Immobili e fiscalità: le piazze europee fiscalmente più attrattive
Secondo i dati europei, il peso delle imposte immobiliari varia significativamente: Francia e Regno Unito si collocano tra i Paesi con maggiore pressione fiscale sul mattone, mentre numerosi Stati dell’Europa centrale e orientale mantengono livelli molto più contenuti.
Tra le destinazioni più interessanti per l’acquisto di immobili di lusso si collocano anzitutto alcune città dell’Europa meridionale.

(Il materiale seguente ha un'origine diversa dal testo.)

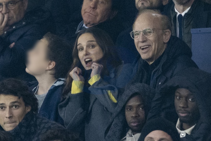 Natalie Portman son fils Aleph et son père Avner Hershlag - Les célébrités assistent au match de football PSG - Nantes (2 - 1) au Parc des Princes à Paris, le 9 décembre 2023. © Cyril Moreau / Bestimage Celebrities attend the PSG - Nantes (2 - 1) football match at the Parc des Princes in Paris, December 9, 2023.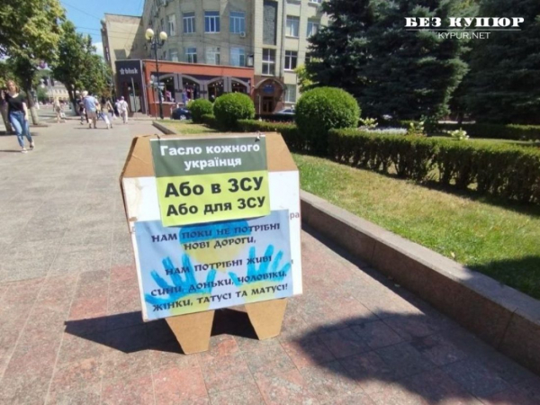 Написи на плакатах протестувальників чітко дають зрозуміти перехожим, чому ці люди стоять перед міськрадою – “Гроші на ЗСУ, а не на тротуари та дороги”, “Красиві бруківки, красиві сквери, затишні кав’ярні, а нулі все ближче й ближче, а хлопців все менше й менше” та “Гроші на ЗСУ, а не на дороги”.

Lisbona e Porto, ad esempio, continuano ad attrarre capitali internazionali grazie a un sistema che combina imposte di trasferimento relativamente contenute e regimi fiscali favorevoli per nuovi residenti e investitori, con possibilità di esenzioni o riduzioni sulle plusvalenze reinvestite.
Analogamente, Atene e altre località della Grecia offrono un profilo competitivo: la normativa prevede, in determinate condizioni, l’assenza di imposta sulle plusvalenze immobiliari dopo un periodo di detenzione medio-lungo, incentivando strategie patrimoniali orientate al mantenimento nel tempo del bene.
Un’altra area di crescente interesse è l’Europa centro-orientale. Capitali come Tallinn, Budapest o Vilnius combinano valori immobiliari ancora accessibili con una pressione fiscale complessiva molto ridotta: in questi Paesi il gettito derivante da imposte immobiliari resta inferiore allo 0,5% del Pil, segnalando un’imposizione strutturalmente leggera sul possesso del bene.
I mercati “premium” ad alta fiscalità
All’opposto, le grandi capitali del lusso tradizionale – Parigi, Londra e Bruxelles – presentano un carico fiscale sensibilmente più elevato, sia in fase di acquisto sia durante il possesso. In alcuni ordinamenti le imposte di trasferimento possono raggiungere o superare il 10%, incidendo in modo rilevante sulla redditività dell’investimento immobiliare di fascia alta.
In termini sistemici, la Francia guida la classifica europea per peso delle imposte immobiliari rispetto al Pil, seguita dal Regno Unito e da Paesi come Belgio e Grecia, confermando la maggiore incidenza del fisco nelle principali giurisdizioni mature.
Comprare casa all’estero: cosa deve valutare un investitore italiano
La valutazione fiscale non può tuttavia limitarsi al solo Stato in cui è situato l’immobile. Per un investitore residente in Italia, ad esempio, il possesso di immobili esteri comporta obblighi dichiarativi e l’applicazione dell’Ivie, oltre alla tassazione dei redditi immobiliari secondo il principio della “worldwide taxation”.
Ne deriva che la convenienza fiscale reale dipende dall’interazione tra normativa del Paese estero e regime fiscale del soggetto acquirente, con possibili crediti d’imposta per evitare la doppia imposizione.
Dove conviene davvero comprare immobili di lusso in Europa
Nel segmento luxury real estate, le città europee più convenienti non coincidono necessariamente con quelle più prestigiose. Lisbona, Atene, Budapest o Tallinn offrono oggi un equilibrio favorevole tra fiscalità moderata, prospettive di rivalutazione e qualità della vita.
Al contrario, le piazze storiche del lusso immobiliare – Parigi e Londra in primis – restano mercati solidi ma fiscalmente onerosi.
La scelta ottimale richiede dunque una valutazione integrata: regime di imposizione locale, tassazione nel Paese di residenza dell’investitore e obiettivi patrimoniali di lungo periodo. Solo un’analisi coordinata di questi elementi consente di individuare le destinazioni europee realmente più efficienti dal punto di vista fiscale per l’acquisto di immobili di pregio.